Six days later, on April 10, New York Senator Robert Kennedy (who would finally decide to run for U.S. President in 1968) was confronted with a greater expression of American poverty than he had bothered to know existed, in the rural South. Kennedy’s encounter with poverty in America’s poorest state, Mississippi, was an epiphany for him.
When he was asked by CBS reporter Daniel Schorr, “Senator, what do you make of the problem of poverty in this poorest state?”, a deeply affected Kennedy, after a pause, replied, “Well, I think it’s obviously as great a poverty as we’ve had in our country, and I think that considering we have a gross national product of some $700 billion and that we spend $75 billion on armaments and weapons, and that we spend almost $3 billion a year on dogs in the United States, as American citizens that we could be doing more for those that are poor, and particularly for our children . . .” Martin Luther King’s Poor People’s Campaign, which was opposed by the majority of his own organization, was in part inspired by Kennedy’s reaction in Mississippi.
Kennedy’s now nearly forgotten speech, “The Mindless Menace of Violence,” given the day after King’s April 14 assassination, includes the following passage, still controversial today:
No wrongs have ever been righted by riots and civil disorders.
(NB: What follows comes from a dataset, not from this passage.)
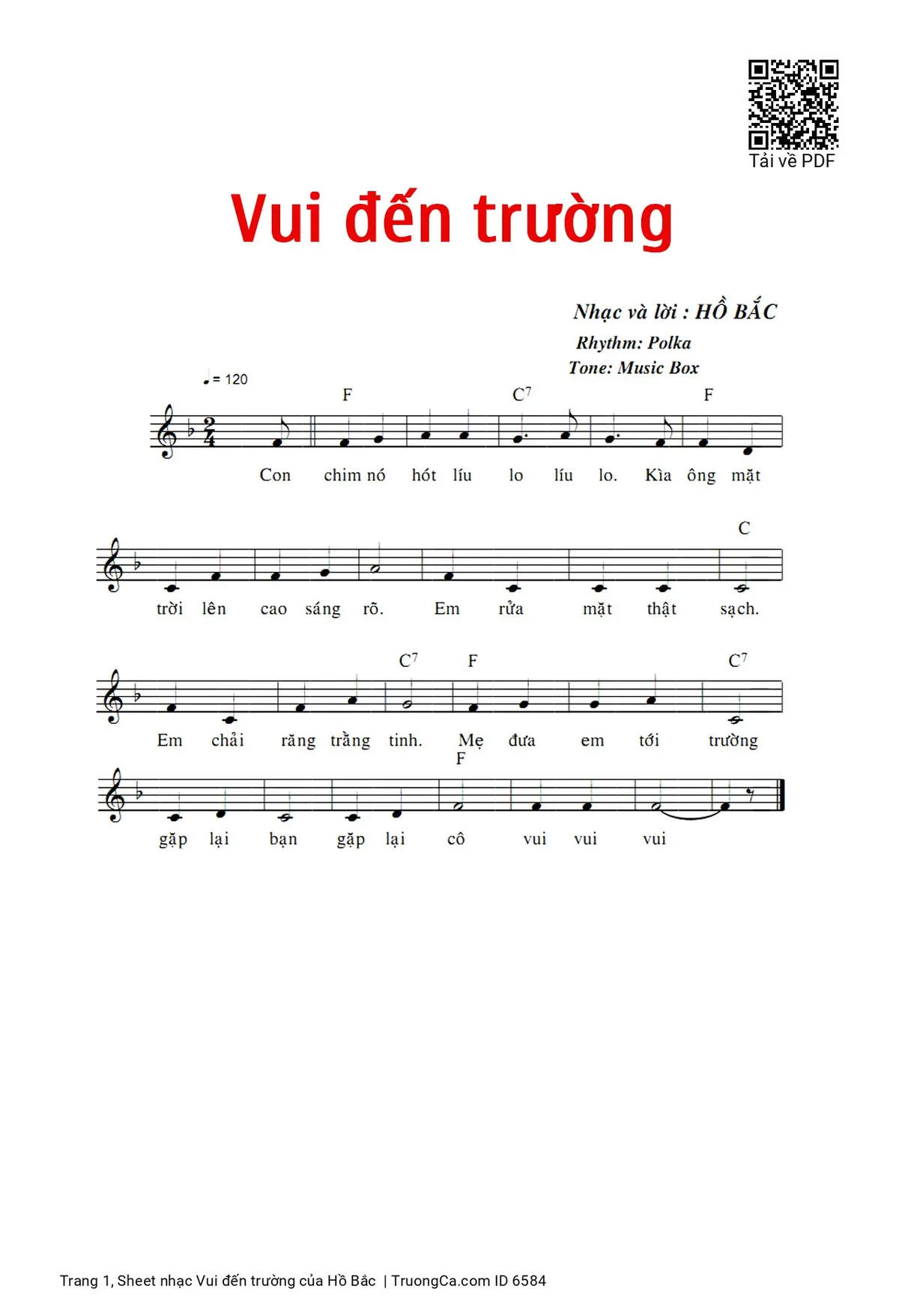 Chọn nút dấu + để tăng tông lên nửa cung, nút dấu - để giảm tông xuống nửa cung. Rê chuột vào hợp âm để xem các thế bấm hợp âm của bài hát Vui đến trường.

A sniper is only a coward, not a hero; and an uncontrolled, uncontrollable mob is only the voice of madness, not the voice of the people.
Whenever any American’s life is taken by another American unnecessarily—whether it is done in the name of the law or in the defiance of law, by one man or a gang, in cold blood or in passion, in an attack of violence or in response to violence—whenever we tear at the fabric of life which another man has painfully and clumsily woven for himself and his children, the whole nation is degraded. . . .
. . . Too often we honor swagger and bluster and the wielders of force; too often we excuse those who are willing to build their own lives on the shattered dreams of others. Some Americans who preach nonviolence abroad fail to practice it here at home. Some who accuse others of inciting riots have by their own conduct invited them.
Some look for scapegoats, others look for conspiracies, but this much is clear: violence breeds violence, repression brings retaliation, and only a cleaning of our whole society can remove this sickness from our soul.
The beautiful planetary landscape of the Earth, seen from the perspective of the Moon for the first time by the Apollo 8 Mission in December 1968, showed mankind what the true stage is upon which the larger drama of human greatness, folly, and progress is being staged. The momentary concerns of the Vietnam War, the thermonuclear arms race, the explosive violence then erupting throughout the urban centers of America, mass drug use as recreation, and grinding poverty in rural and urban areas, were swallowed up in the vastness of space and the capacity of the human mind to conquer the stars, if it could first conquer itself.
Neither King nor Robert Kennedy would ever see that Apollo image, but, as King had said the night before his death, “I’ve been to the mountain-top, and I’ve looked over, and I’ve seen the Promised Land.” Kennedy and his brother had authored the policy of the Apollo Moon shot; they had envisioned it, and it would happen. Immortality is a choice. Immortal men and women defy comprehension by mortals. Beethoven once said that “Music is the one incorporeal entrance into the higher world of knowledge which comprehends mankind but which mankind cannot comprehend.” It was that power that once moved King and the Kennedy brothers to “think like Beethoven,” and it is that power that today’s concert seeks to impart to us.